The Beery school was incorporated in 1908.

In addition to his unique talents in the realm of horse training, he was the inventor of an array of implements he claimed to be intended to help gain mastery over the animals he oversaw, creating an assortment of tools, bridles and bits that were also sold via mail order. The correspondence school was said to be inundated with scores of letters and notes throughout its history containing endless gratitude and respect for the techniques promulgated by its founder.

==Death and legacy==
Beery died February 22, 1945, and is buried at Pleasant Hill Cemetery in Pleasant Hill, Ohio.
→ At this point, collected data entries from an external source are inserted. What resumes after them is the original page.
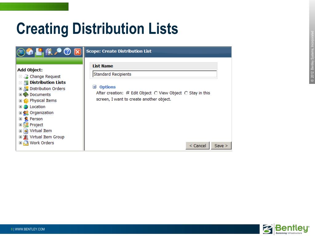 What We’ve Covered • The stages of the request and fulfillment process • What a distribution list is used for • The purpose of a distribution order • How to create a distribution order with the wizard • How to distribute copies and transmittals • How to view copy holders • How to acknowledge receipt of copies • What are the disposition options whenusers are finished with copies
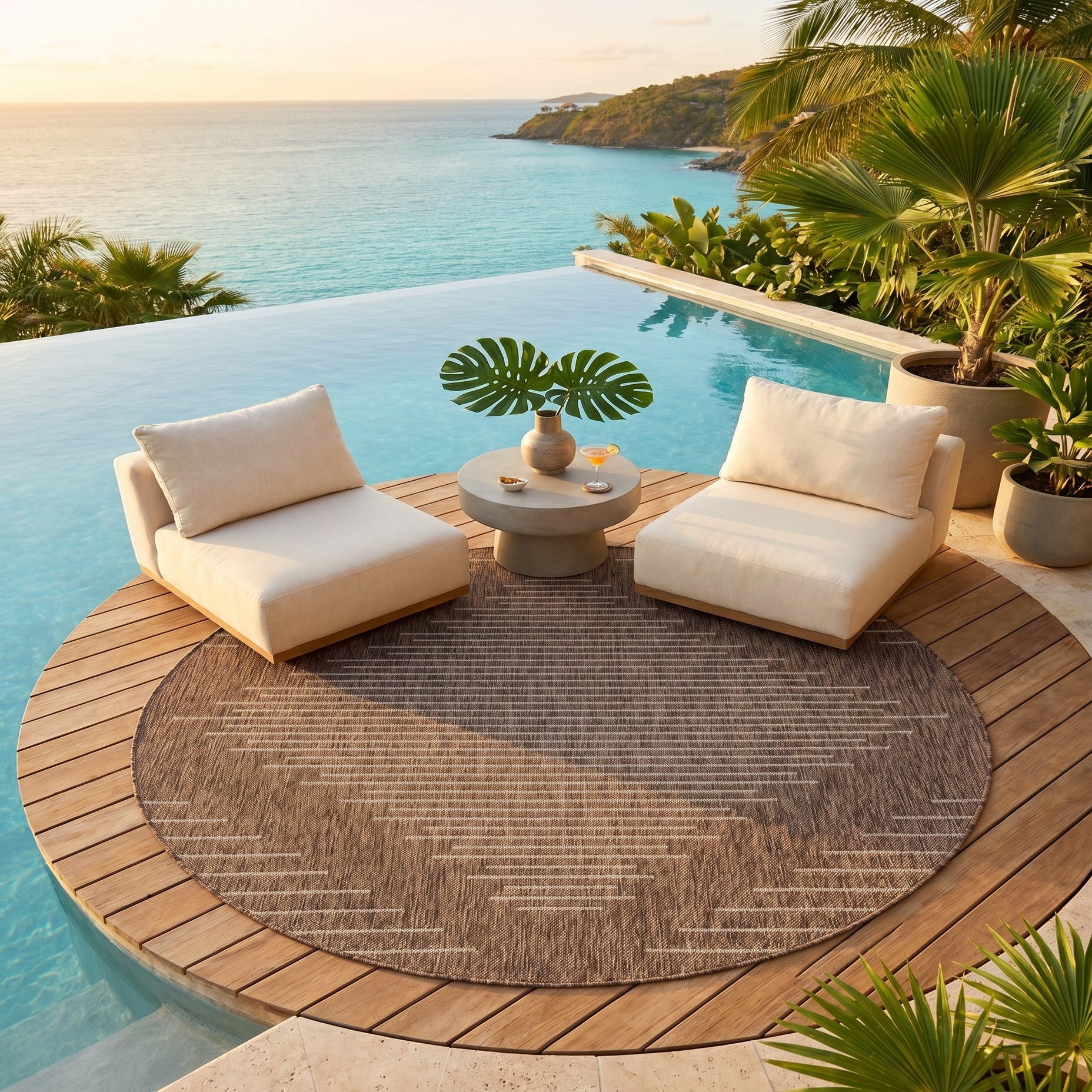 Love the contemporary look of this rug! We are so happy we chose this to accent the blue of our pool with our living area on our lanai. We still are going to add a few more pillows but love the rug to add color.
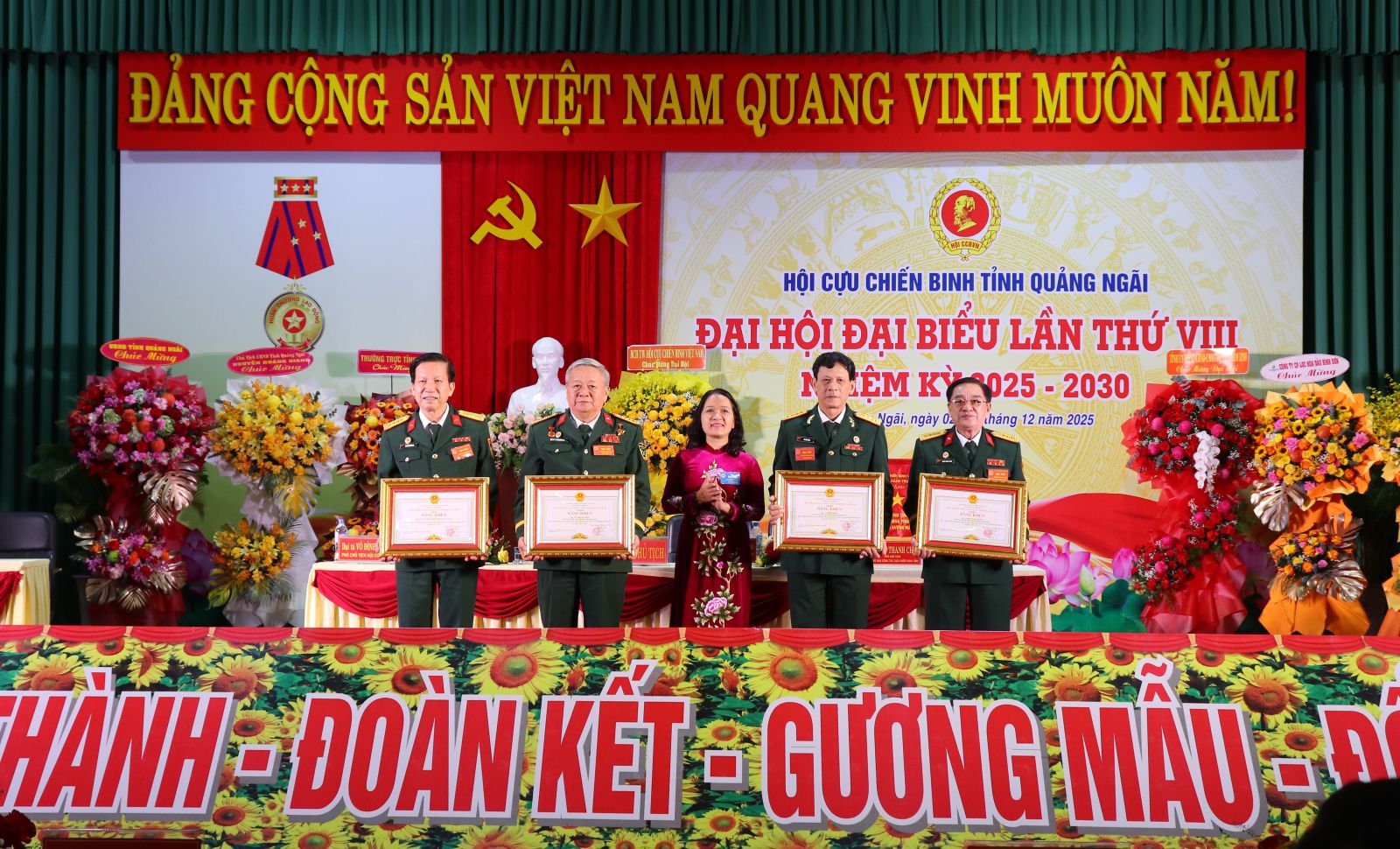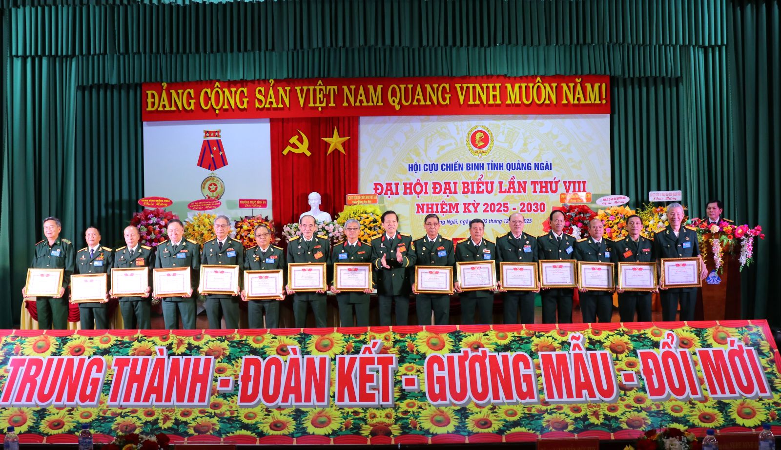 Dịp này, Hội CCB Việt Nam tặng cờ thi đua cho Hội CCB tỉnh Quảng Ngãi; Chủ tịch UBND tỉnh tặng Bằng khen cho 1 tập thể, 3 cá nhân đã có thành tích xuất sắc trong công tác Hội và phong trào thi đua “Cựu chiến binh gương mẫu”, giai đoạn 2022 - 2025. Hội CCB tỉnh tặng giấy khen cho 34 cá nhân có thành tích xuất sắc trong công tác Hội, nhiệm kỳ 2022-2027, giai đoạn 2022-2025.

His legacy in the world of horse training still is noted and his techniques are still being taught, many thousands of students have learned his approach.

==Bibliography==
1. Professor Jesse Beery Mail Course in Horsemanship: A complete course with detailed instructions on many aspects of horse training. The methods have been and still being applied by horse trainers all over the world. The book is currently out of print, though reprints of the original Professor Jesse Beery Mail Course in Horsemanship exist.